Spotlight subsets of data in your plots with gghighlight
The problem
We often want to make a subset of data stand out from the rest, but doing so manually is a bit tedious. You could, for example, add a logical column to the data highlight
, and set a plot aesthetic to make 1
s in a bright color and 0
s in grey.
But gghighlight
automates this process for ggplot2
plots. Let’s look at the life expectancy dataset from gapminder
. Even when color-coding by continent, it’s very difficult to pick out individual countries. We can use gghighlight
, though, to emphasize countries with the top 10 highest populations:
Code
library(gghighlight)
base_plot <- gapminder::gapminder |>
ggplot(aes(x = year, y = lifeExp, color = continent)) +
geom_line(aes(group = country))
pretty_plot <- base_plot +
scale_x_continuous(expand = expansion(mult = c(0,0.25))) +
geom_line(aes(group = country)) +
gghighlight(max(pop), max_highlight = 10,
unhighlighted_params = list(alpha = 0.25,
color = NULL
),
line_label_type = "ggrepel_text",
label_params = list(
hjust = 0,
direction = "y",
nudge_x = 10,
segment.size = 0.2
))
base_plot
pretty_plot
gghighlight
basics
Let’s start with the busy plot from above, which we’ve saved as base_plot
. The gghighlight()
function can be added to any ggplot
, and requires only a predicate to select the highlighted portion of the data (passed directly to dplyr::filter()

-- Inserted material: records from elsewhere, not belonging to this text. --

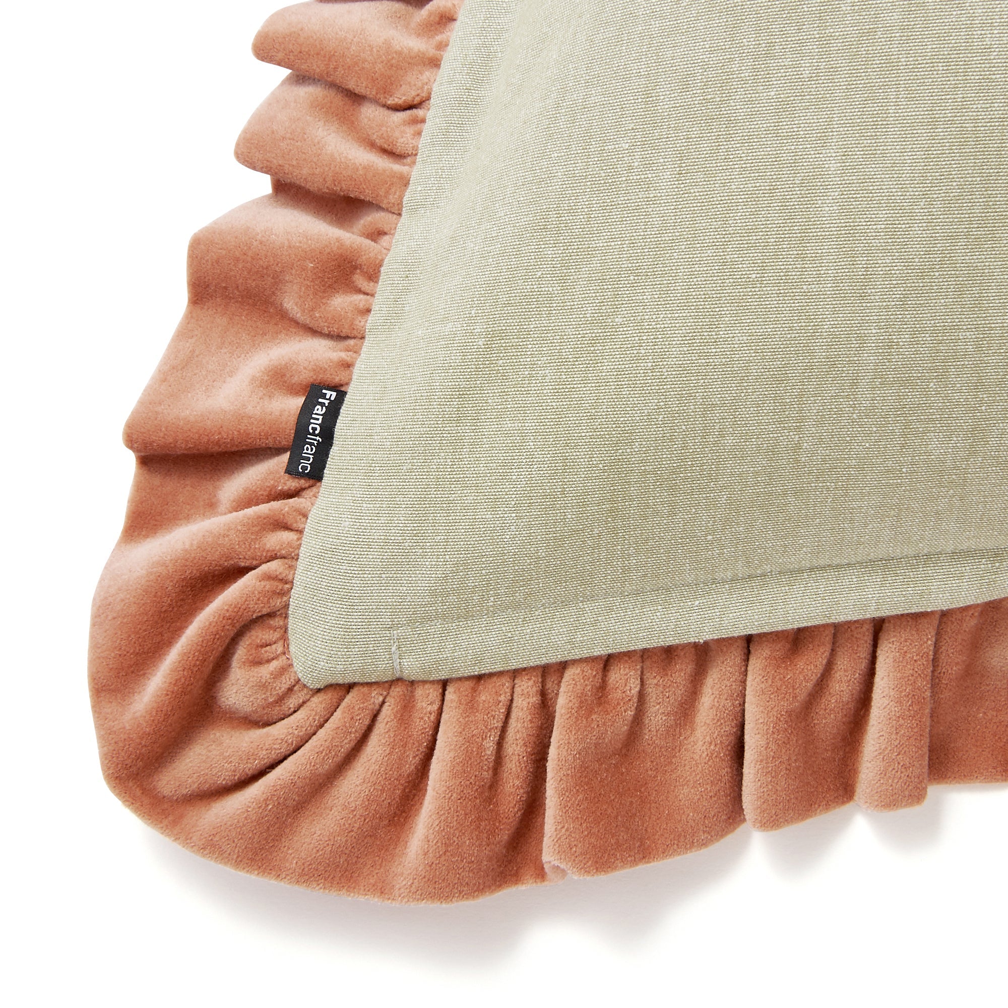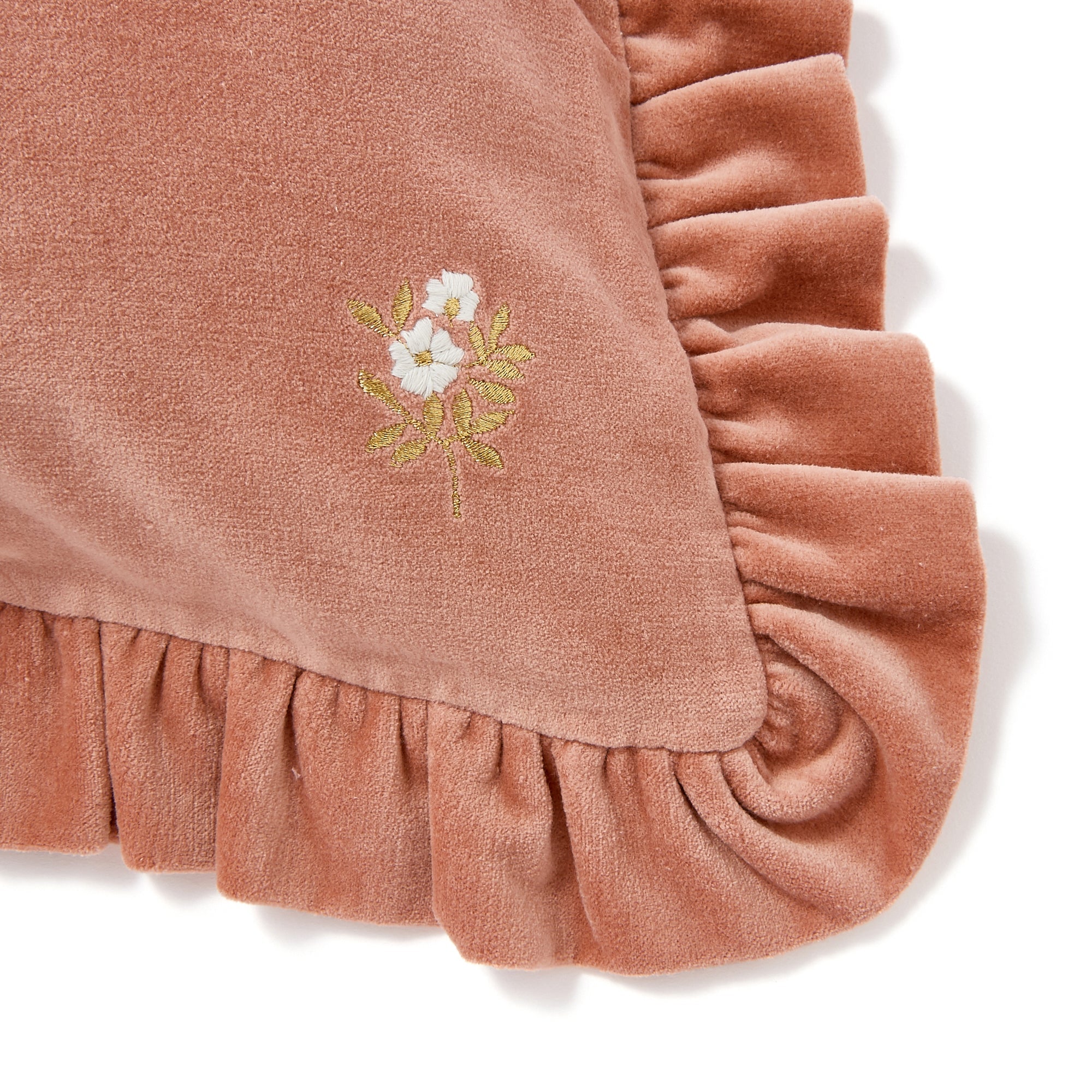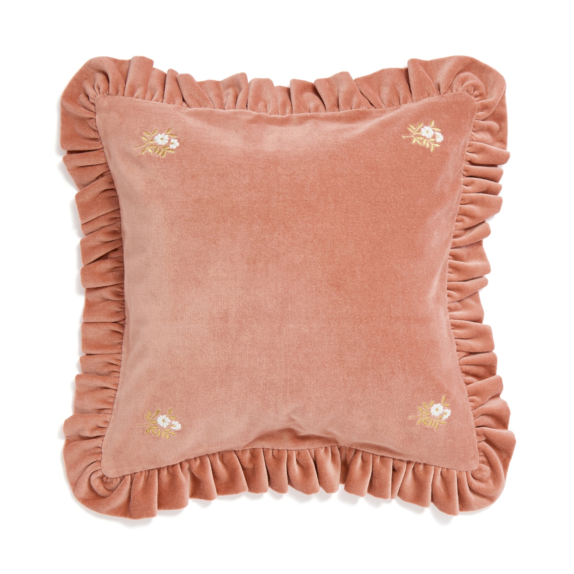 ベルベット生地にフリルをあしらったクッションカバーです。四隅に入れた小花の刺繍がほどよくアクセントになったデザイン。あたたかみのあるピンクが秋冬にぴったりです。▼クッションカバーの中材(別売り)はこちらクッションヌード一覧サイズW450×D450×H10mm素材表側:コットン100%、刺繍:ポリエステル100%、裏側:コットン100%重量0.3 kgカラーPK品番 1102010048429 全国一律550円(税込)です。雑貨の商品金額合計が5,000円(税込)以上の場合、送料無料で配送いたします。※手数料、ラッピング料、付帯サービス料は含みません。※新生活期・年末年始は出荷や配送の繁忙期となるため、日時指定をいただいてもご希望日時通りお届け出来ないことがございます。■洗濯:ドライのみ可■洗濯機:不可■ドライクリーニング:可■タンブル乾燥:不可■アイロン:可■はっ水加工:無■水洗いにより色落ちしたり、縮んだり、外観が変化することがありますので、お手入れはネットを使用したドライクリーニングをお願いします。■使用やドライクリーニングにより、毛羽立ち・毛羽抜け・毛玉が発生します。■製法の特性上、刺繍糸の端が飛び出している場合がありますが引っ張らないでください。■原産国:インド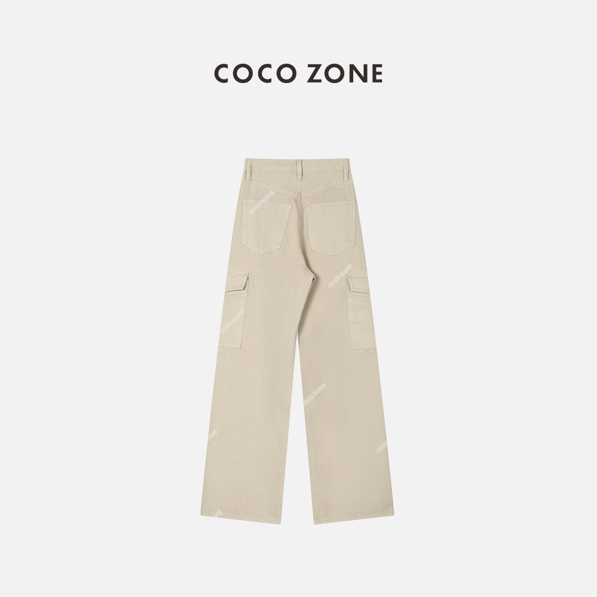 COCO ZONE100%棉直筒工装裤两侧百搭裤 23C19335潮牌女裤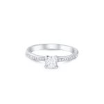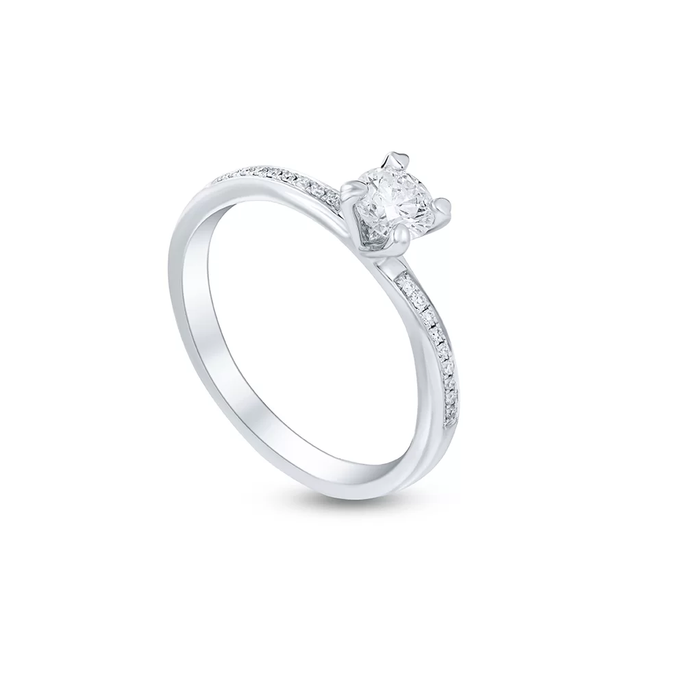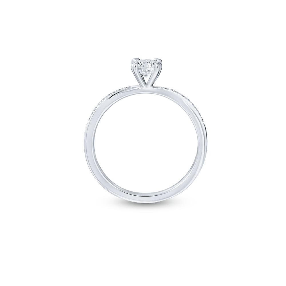 Minimal 4-prong ring with a sleek thin band covered with 18 pieces of sparkling small diamonds.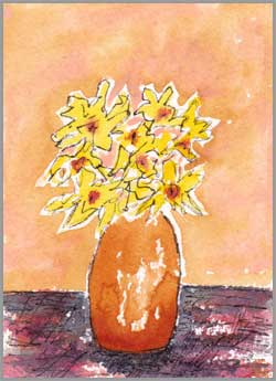I knew I was going to count this as one of my daily pieces. But really it was more for fun, and to play. I made a few mistakes. I should have used darker colors for the blooms. I chose two shades of blue, shiraz, yellow, a flesh tone and green gold. There isn’t enough contrast with some of the colors and the gesso. I also need to expand my floral marking alphabet. Maybe I should have looked at zentangles for ideas.

, so anything you can do there is fair game). Here we highlight countries with a population greater than 50 million.1
base_plot +
gghighlight(pop > 50000000)
Since there are so many un-highlighted lines, it’s quite hard to see what’s happening. We can change the aesthetics of the un-highlighted lines with unhighlighted_params
.
base_plot +
gghighlight(pop > 50000000,
unhighlighted_params = list(alpha = 0.25))
More complicated filtering criteria
Since the first argument(s) of gghighlight
get passed directly to filter
, you can include multiple filtering criteria, like population over 50 million and only countries in Asia:
base_plot +
gghighlight(pop > 50000000, continent == "Asia",
unhighlighted_params = list(alpha = 0.25))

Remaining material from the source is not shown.